Despite moving to Forest Hills, Danielle Brodnax still loves her native St. Albans and continues to visit her family and the church that she was raised in, but getting there has been a hardship because of the lack of service from the Q42 bus service, especially on the weekend.

    “My grandmother has been in that neighborhood since 1957 and the bus goes through Jamaica and St. Albans,” said Brodnax.

    There is no bus service from the Q42 on the weekends and during the week the service stops after 8 p.m., making it difficult for Brodnax and other former and current residents to travel for worship, work or simply just to get home.

    “There is no other bus service that goes directly to that neighborhood, there is no dollar van – no nothing,” said Brodnax, who has taken up a letter-writing campaign with members from the Shiloh Baptist Church of Jamaica, which is on the bus route.

    Brodnax says that about 50 percent of worshippers at her church are 55 and up, but the lack of transportation is not only for the churchgoers but also for anyone that relies on public transportation along that bus route.

    “People who are elderly, people who have medical ailments – they are stuck in the neighborhood, they can’t go anywhere,” said Brodnax. “The Jamaica region is growing so much and is expanding so fast that there are more people, more buildings and more everything and it’s become a real hardship for those with limited mobility.”

    The Q42 bus stop that leaves near the E, J and Z train stop on Archer Avenue stops across the street from the Shiloh Baptist Church, which is located at 173-70 106th Ave., according to Brodnax.

    If Brodnax misses the bus after coming off the train after a long day of working in Manhattan, her 10-minute run for the Q42 ends up being an exhausting waste of time that results in her having to take the Q83 bus that goes from Jamaica and ends its trip in the neighboring town of Cambria Heights.

    Even after catching that bus, Brodnax still has to walk another 10-minutes to get St. Albans, which is fine for her since she is fit, but she is concerned about those who are disabled or elderly who might not be able to make the trek, especially in inclement weather and late at night.

    Brodnax even considered getting an affordable apartment back in her hometown earlier this year, but when she learned that the only bus route was the Q42 she has to pass on the potential new digs.

    “I had to decline on that apartment and the rent there was pretty cheap,” said Brodnax, who splits her works in realty in L.I. and Manhattan. “It’s a nice area, but without a car, there is no way to go to and from certain places.”
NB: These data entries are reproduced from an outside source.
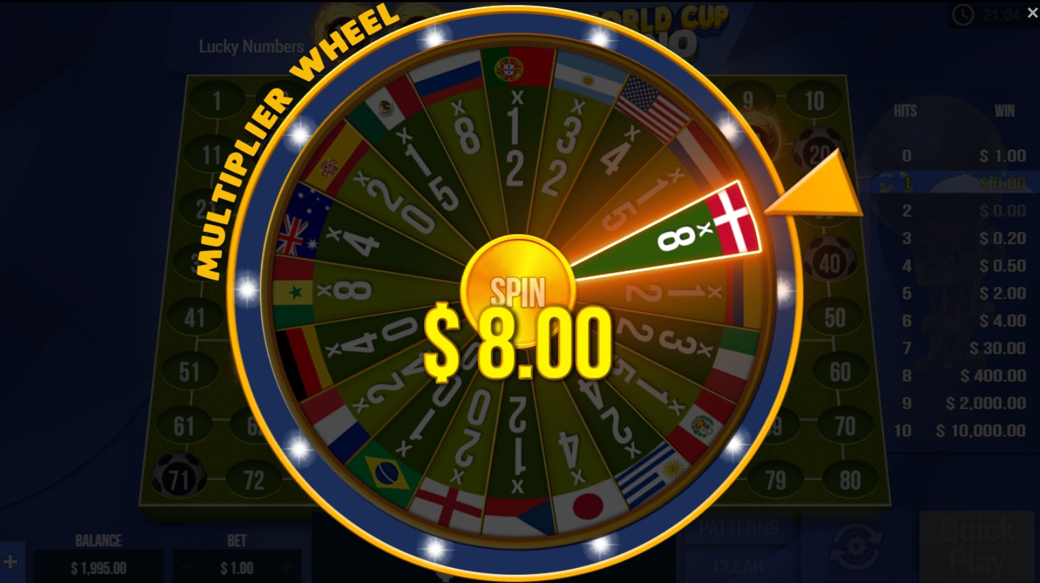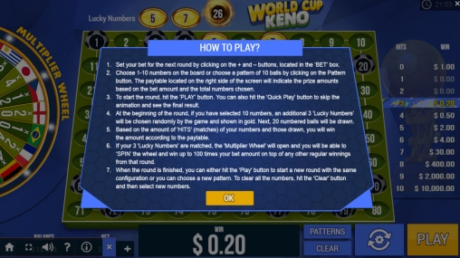 World Cup Keno – это онлайн-кено с восьмьюдесятью шарами, пронумерованными по порядку.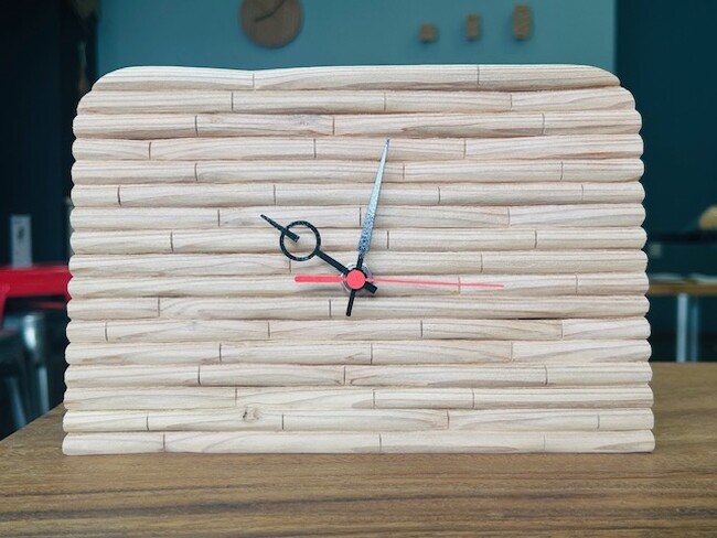 伝統の彫刻技術を活かし、木の風合いと彫刻の美が調和した置き時計「竹」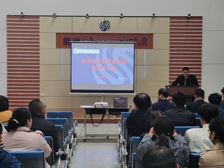 4月22日下午,h视频 在节能楼二楼大厅召开h视频 全院教职工大会。会议由党委副书记王敏达同志主持。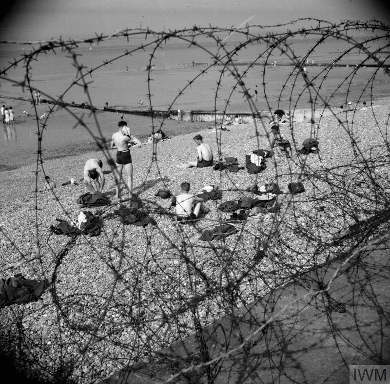 And my last photo (for today at least) from the Imperial War Museum archive (© IWM H 11689), this is a photograph of Sheringham beach which was taken on 12 July 1941 by Captain Len Puttnam. The military had allowed the public to access the beach, but they were present to ensure that they didn’t stray too far, with the men of 2/5th Battalion of the West Yorkshire Regiment overseeing proceedings.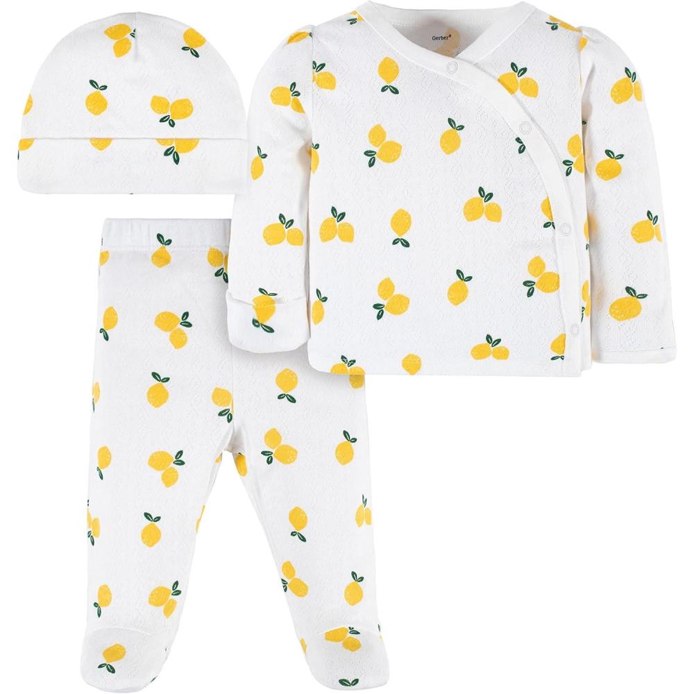 Gerber Unisex-Baby Newborn Hospital Pointelle Outfit Shirt, Footed Pant And Cap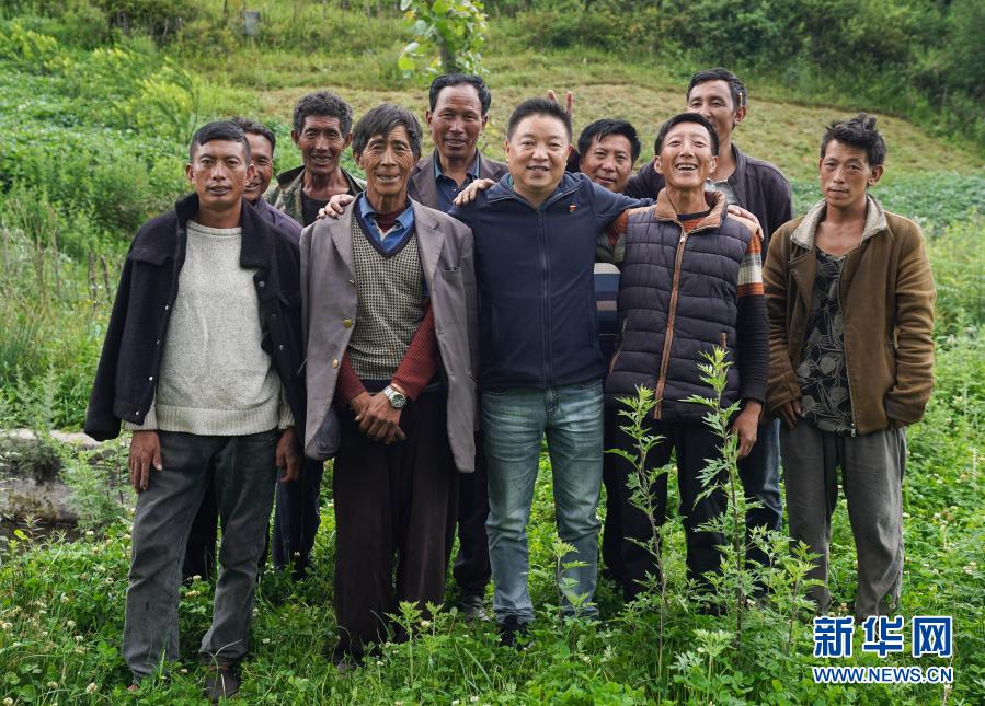 派駐到布拖縣覺(jué)撒鄉(xiāng)的幫扶干部楊永林(前排中)和博作村的彝族群眾合影(6月22日攝)。新華社記者 江宏景 攝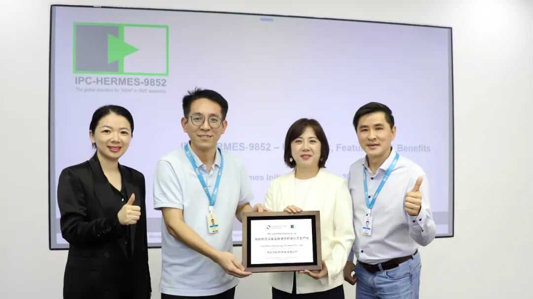 10月28日,全球电子协会东亚区总裁肖茜女士率团队参访伟创力珠海B11工厂,并授予其“IPC HERMES Demo Line 智能制造设备互联通信标准示范生产线”荣誉牌匾。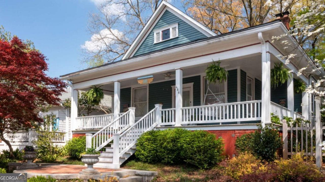 A gracious Victorian Bungalow in the heart of Historic Grant Park, with a thoughtfully curated renovation that has preserved much of the period charm of the original home. At the curb one is greeted by an elegant set of custom cut Elberton Granite stairs, which wind their way around a mature Bloodgood Japanese Maple to an inviting Landing of Herringbone Brick, bordered with curving granite capstone, and topped with matching Elberton Granite planters. From its elevated perch a warm and inviting wrapped front porch provides commanding views of sunsets to the West and the Atlanta skyline to the North. Inside one finds a gorgeous Living Room with soaring 10+ ceilings, period heart pine flooring, custom dental molding, and a working fireplace with original tile, mantle, and coal basket-one of four located throughout the house. A set of original working pocket doors leads from the Living Room to a lavishly appointed Dining Room, also with original heart pine flooring and working fireplace. The Dining Room opens to a generously scaled Den and Study (also with working fireplace), as well as a large, well-appointed eat-in Kitchen with stainless appliances, cork flooring, and Breakfast Nook. A guest bedroom, hall bath with period claw foot tub, and primary suite with large walk-in closet, full en suite bath, and French doors leading out to a private Terrace complete the downstairs. The soaring 10' ceilings continue upstairs, in an artfully arranged 2nd story addition featuring built-in period linen closet, full bath, two large bedrooms with full closets, and ample attic space. Don't miss this opportunity to make this warm and welcoming Grant Park Bungalow your very own home!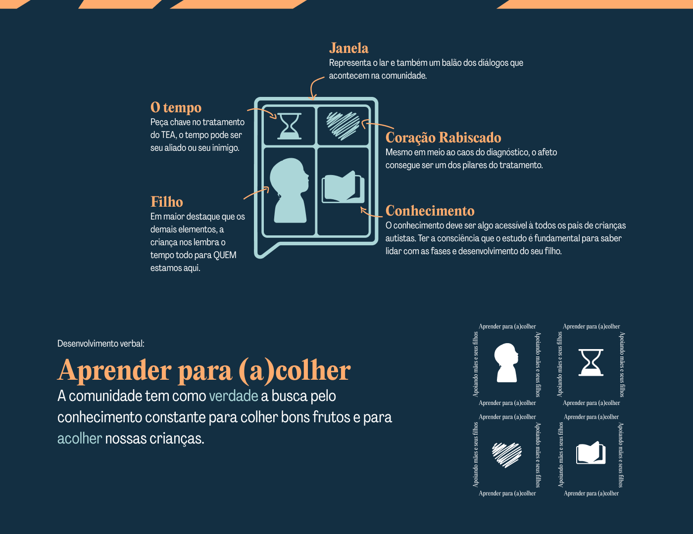 O conceito da marca surgiu a partir do local onde o tratamento é mais eficaz: o lar. Por meio de entrevistas com mães de crianças autistas e do entendimento do Dr. Thiago Castro, pude expressar a essência da comunidade por meio de um símbolo que une o lar, o tempo essencial para o tratamento, o afeto que, mesmo caótico, é o elo que une uma família – e, por fim, o conhecimento científico, pilar para boas escolhas. Todos esses elementos estão representados dentro de uma janela, que também é um balão de diálogo, simbolizando os diálogos presentes na comunidade.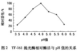 按照1.4操作测定抛光酶酶活。用冰乙酸缓冲液调节工作液的pH值,根据不同pH值下的相对酶活选择合适的工作液pH值,结果如图2。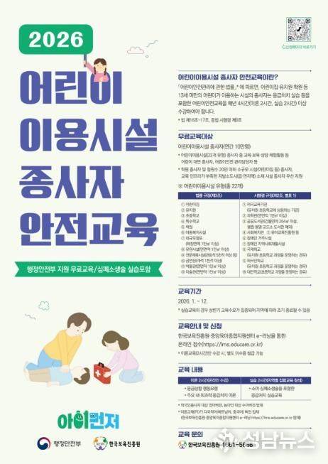 (성남뉴스) 원주시는 행정안전부가 주관하는 ‘2026년 어린이 이용시설 종사자 안전교육’을 실시한다.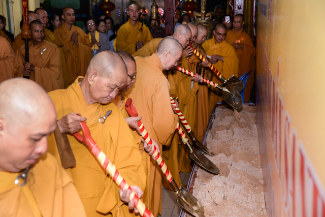 Tiếp theo, Hòa thượng Phó Pháp Chủ cùng Chư tôn đức giáo phẩm niêm hương lễ Phật, tụng kinh, sái tịnh cầu nguyện cho công trình xây dựng chùa Giác Hoằng mọi việc thuận lợi và sớm ngày hoành thành.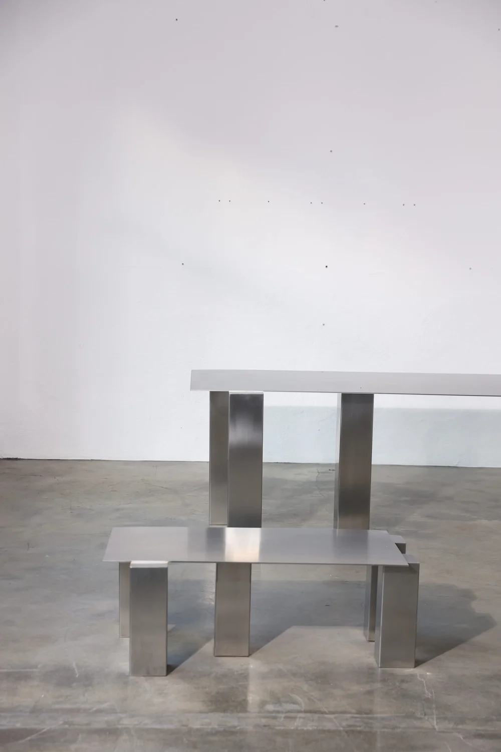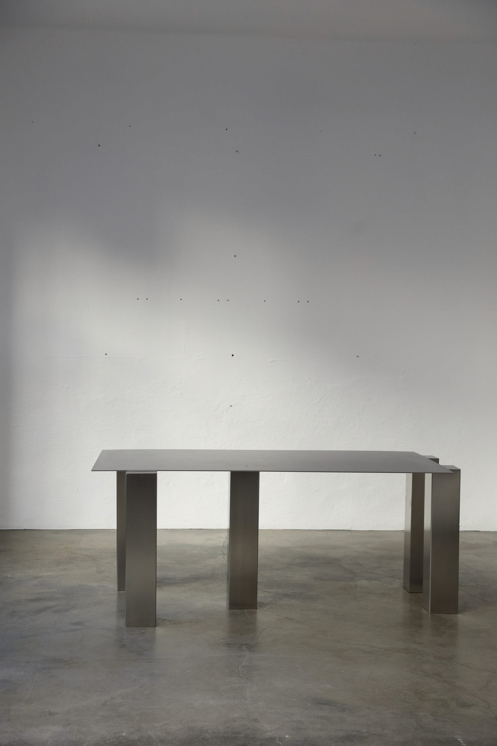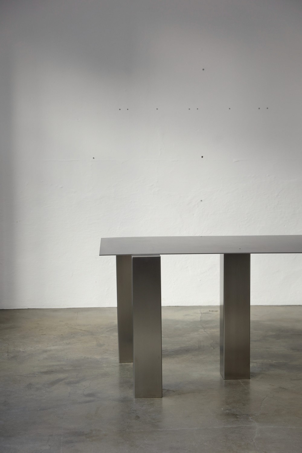 A stainless steel desk defined by a restrained, architectural silhouette. Its monolithic form pairs a thin, precise top with solid rectangular legs, creating a balanced sense of weight and rhythm. The matte surface subtly reflects light, emphasizing the material’s raw yet refined character.

    After contacting Queens Borough President Melinda Katz earlier this year, her request to restore the weekend service for the Q42 was sent to MTA President Andy Byford.

    “It is my priority to serve the residents of Queens,” said Katz. “My office will continue to update you as information regarding this matter is received from the MTA New York City Transit.”

    The MTA’s response was lackluster, according to Brodnax.

    “In 1995, Q42 bus weekend service was removed and the route was further modified in 2010 due to extremely low ridership,” said Craig Cipriano, the acting senior vice president of the Department of Buses for the MTA. “We have launched the comprehensive, ‘clean-slate’ redesign of the entire Queens bus network, which is part of a broader effort to rapidly bring reimagined bus service to the entire city’s bus network.”

    Brodnax, who has already attended many community meetings and made public comments about the lack of service is supportive of the redesign movement, however, that doesn’t address the community’s immediate need for the bus, according to the St. Albans native.

    “We need to have service restored a little bit later, even if it’s only until 10 p.m., because there are people that don’t work nine-to-five jobs, and we need it especially on the weekends,” said Brodnax.